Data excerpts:
- Opening Delimiter -

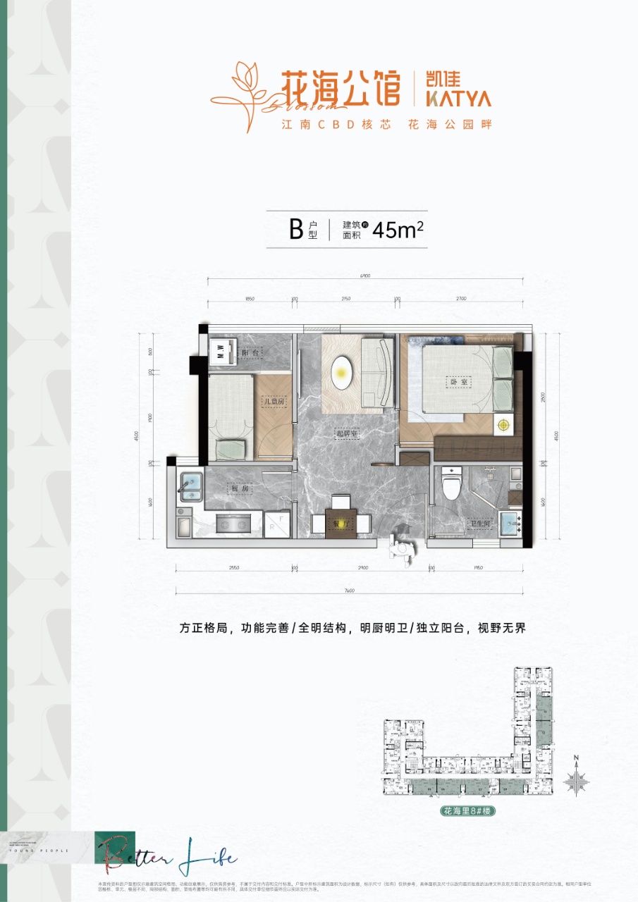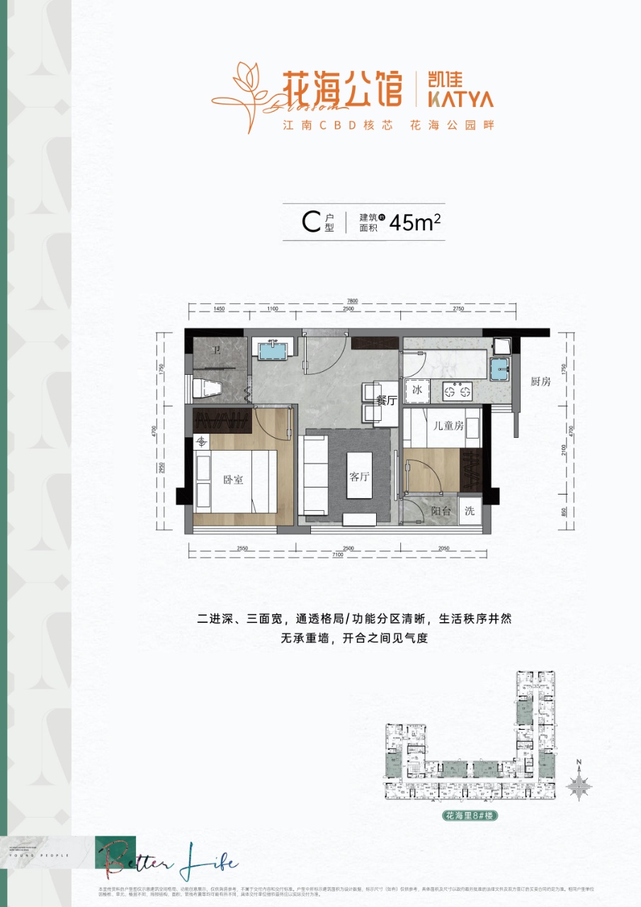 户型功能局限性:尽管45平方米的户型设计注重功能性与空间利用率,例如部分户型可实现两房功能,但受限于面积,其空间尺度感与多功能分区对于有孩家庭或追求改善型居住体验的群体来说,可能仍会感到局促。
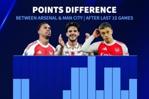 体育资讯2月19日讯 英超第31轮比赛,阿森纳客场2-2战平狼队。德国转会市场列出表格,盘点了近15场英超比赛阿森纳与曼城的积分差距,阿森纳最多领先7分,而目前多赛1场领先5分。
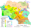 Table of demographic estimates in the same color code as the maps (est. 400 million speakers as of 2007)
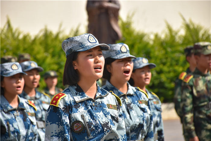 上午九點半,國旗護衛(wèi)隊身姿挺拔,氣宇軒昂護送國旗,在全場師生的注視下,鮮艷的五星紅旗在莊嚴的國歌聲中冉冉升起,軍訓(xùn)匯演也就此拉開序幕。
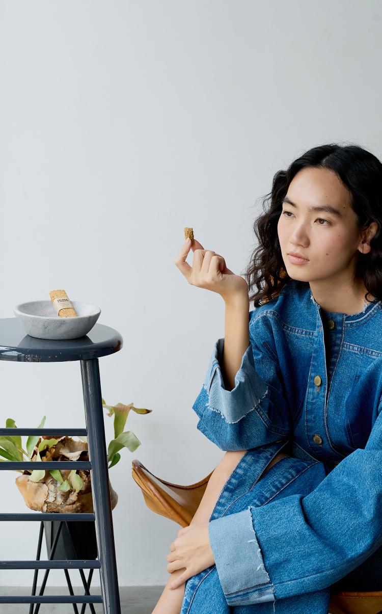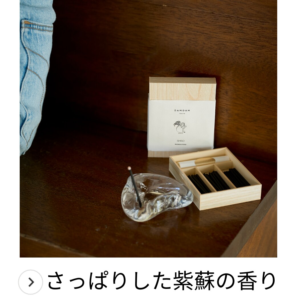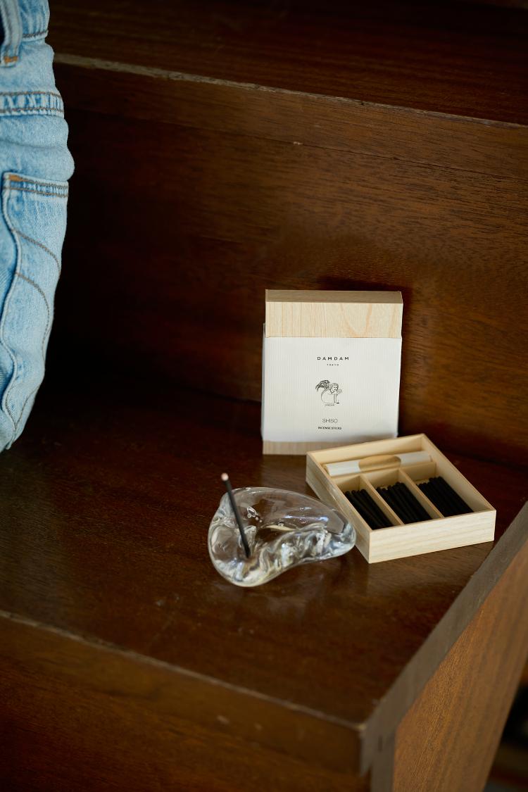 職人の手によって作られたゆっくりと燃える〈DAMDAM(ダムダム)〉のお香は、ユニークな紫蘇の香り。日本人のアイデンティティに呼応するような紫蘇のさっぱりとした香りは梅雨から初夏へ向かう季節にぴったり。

- Closing Delimiter -
- Opening Delimiter -

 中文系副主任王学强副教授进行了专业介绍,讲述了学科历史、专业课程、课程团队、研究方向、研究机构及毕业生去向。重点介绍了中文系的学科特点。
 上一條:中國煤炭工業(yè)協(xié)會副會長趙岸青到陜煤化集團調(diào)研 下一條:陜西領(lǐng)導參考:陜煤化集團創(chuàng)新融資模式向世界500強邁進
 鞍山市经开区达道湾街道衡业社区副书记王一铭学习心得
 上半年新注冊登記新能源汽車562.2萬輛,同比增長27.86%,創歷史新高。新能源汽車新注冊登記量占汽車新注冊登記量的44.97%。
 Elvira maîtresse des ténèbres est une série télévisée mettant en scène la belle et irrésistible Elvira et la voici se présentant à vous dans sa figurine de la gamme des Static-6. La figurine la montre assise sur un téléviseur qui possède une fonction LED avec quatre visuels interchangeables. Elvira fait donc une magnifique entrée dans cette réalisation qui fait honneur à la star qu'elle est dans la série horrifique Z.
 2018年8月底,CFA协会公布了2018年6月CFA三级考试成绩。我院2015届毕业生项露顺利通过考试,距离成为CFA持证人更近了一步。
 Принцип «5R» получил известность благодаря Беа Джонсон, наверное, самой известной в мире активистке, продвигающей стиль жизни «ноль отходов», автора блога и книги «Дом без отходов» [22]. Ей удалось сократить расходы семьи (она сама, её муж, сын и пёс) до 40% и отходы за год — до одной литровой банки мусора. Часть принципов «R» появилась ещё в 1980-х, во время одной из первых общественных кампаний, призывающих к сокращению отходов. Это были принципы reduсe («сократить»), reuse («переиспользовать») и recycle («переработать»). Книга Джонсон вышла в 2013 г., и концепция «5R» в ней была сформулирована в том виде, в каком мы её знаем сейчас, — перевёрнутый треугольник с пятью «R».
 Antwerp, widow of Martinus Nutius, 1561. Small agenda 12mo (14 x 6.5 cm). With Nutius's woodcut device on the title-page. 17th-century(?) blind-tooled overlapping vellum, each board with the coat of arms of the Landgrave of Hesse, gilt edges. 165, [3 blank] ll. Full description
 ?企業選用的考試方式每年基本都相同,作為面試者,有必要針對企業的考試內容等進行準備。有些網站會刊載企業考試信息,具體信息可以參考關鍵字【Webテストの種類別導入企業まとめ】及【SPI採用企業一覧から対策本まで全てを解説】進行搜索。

- Closing Delimiter -

Your task for the entries above: copy exactly the span starting with the line with "上半年新注冊登記新能源汽車5" and going on through the line with "2018年8月底,CFA协会", both lines included, and nothing else.

 上半年新注冊登記新能源汽車562.2萬輛,同比增長27.86%,創歷史新高。新能源汽車新注冊登記量占汽車新注冊登記量的44.97%。
 Elvira maîtresse des ténèbres est une série télévisée mettant en scène la belle et irrésistible Elvira et la voici se présentant à vous dans sa figurine de la gamme des Static-6. La figurine la montre assise sur un téléviseur qui possède une fonction LED avec quatre visuels interchangeables. Elvira fait donc une magnifique entrée dans cette réalisation qui fait honneur à la star qu'elle est dans la série horrifique Z.
 2018年8月底,CFA协会公布了2018年6月CFA三级考试成绩。我院2015届毕业生项露顺利通过考试,距离成为CFA持证人更近了一步。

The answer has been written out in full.